▶ _About this task_: Every line in the records below between the one holding "辻公邸料理人はまず初めに日本" and the one holding "이뿐만이 아닙니다. 1전시관을", inclusive, is to be set down exactly; all other lines are to be left out.

▶ _Study material_:
-- Opening Marker --

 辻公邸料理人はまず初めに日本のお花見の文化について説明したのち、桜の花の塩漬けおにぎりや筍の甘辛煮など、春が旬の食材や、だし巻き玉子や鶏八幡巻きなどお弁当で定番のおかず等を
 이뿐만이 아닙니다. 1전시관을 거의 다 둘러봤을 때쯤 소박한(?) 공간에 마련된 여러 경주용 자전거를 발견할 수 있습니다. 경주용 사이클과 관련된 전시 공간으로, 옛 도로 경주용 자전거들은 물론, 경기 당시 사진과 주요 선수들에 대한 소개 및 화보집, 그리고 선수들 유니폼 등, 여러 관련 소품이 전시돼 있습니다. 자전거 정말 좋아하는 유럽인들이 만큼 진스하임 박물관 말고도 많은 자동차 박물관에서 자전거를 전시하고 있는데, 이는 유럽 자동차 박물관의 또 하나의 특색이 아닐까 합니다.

-- Closing Marker --
-- Opening Marker --

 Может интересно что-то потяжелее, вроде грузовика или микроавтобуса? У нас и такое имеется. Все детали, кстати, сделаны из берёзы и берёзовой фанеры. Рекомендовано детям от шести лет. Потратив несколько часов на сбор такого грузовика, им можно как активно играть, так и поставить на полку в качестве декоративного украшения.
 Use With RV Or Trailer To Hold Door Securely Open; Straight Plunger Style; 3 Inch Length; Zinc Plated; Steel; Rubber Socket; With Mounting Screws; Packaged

-- Closing Marker --
-- Opening Marker --

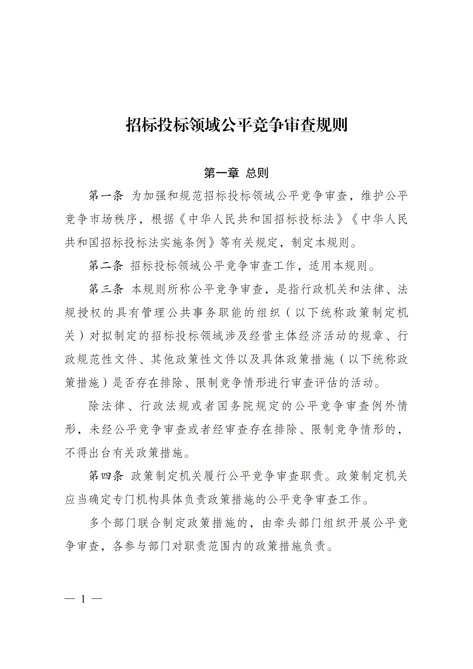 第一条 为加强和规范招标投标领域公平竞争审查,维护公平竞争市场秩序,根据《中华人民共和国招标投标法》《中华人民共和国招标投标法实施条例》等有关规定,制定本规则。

-- Closing Marker --

▶ _Solution for this task_:
 辻公邸料理人はまず初めに日本のお花見の文化について説明したのち、桜の花の塩漬けおにぎりや筍の甘辛煮など、春が旬の食材や、だし巻き玉子や鶏八幡巻きなどお弁当で定番のおかず等を
 이뿐만이 아닙니다. 1전시관을 거의 다 둘러봤을 때쯤 소박한(?) 공간에 마련된 여러 경주용 자전거를 발견할 수 있습니다. 경주용 사이클과 관련된 전시 공간으로, 옛 도로 경주용 자전거들은 물론, 경기 당시 사진과 주요 선수들에 대한 소개 및 화보집, 그리고 선수들 유니폼 등, 여러 관련 소품이 전시돼 있습니다. 자전거 정말 좋아하는 유럽인들이 만큼 진스하임 박물관 말고도 많은 자동차 박물관에서 자전거를 전시하고 있는데, 이는 유럽 자동차 박물관의 또 하나의 특색이 아닐까 합니다.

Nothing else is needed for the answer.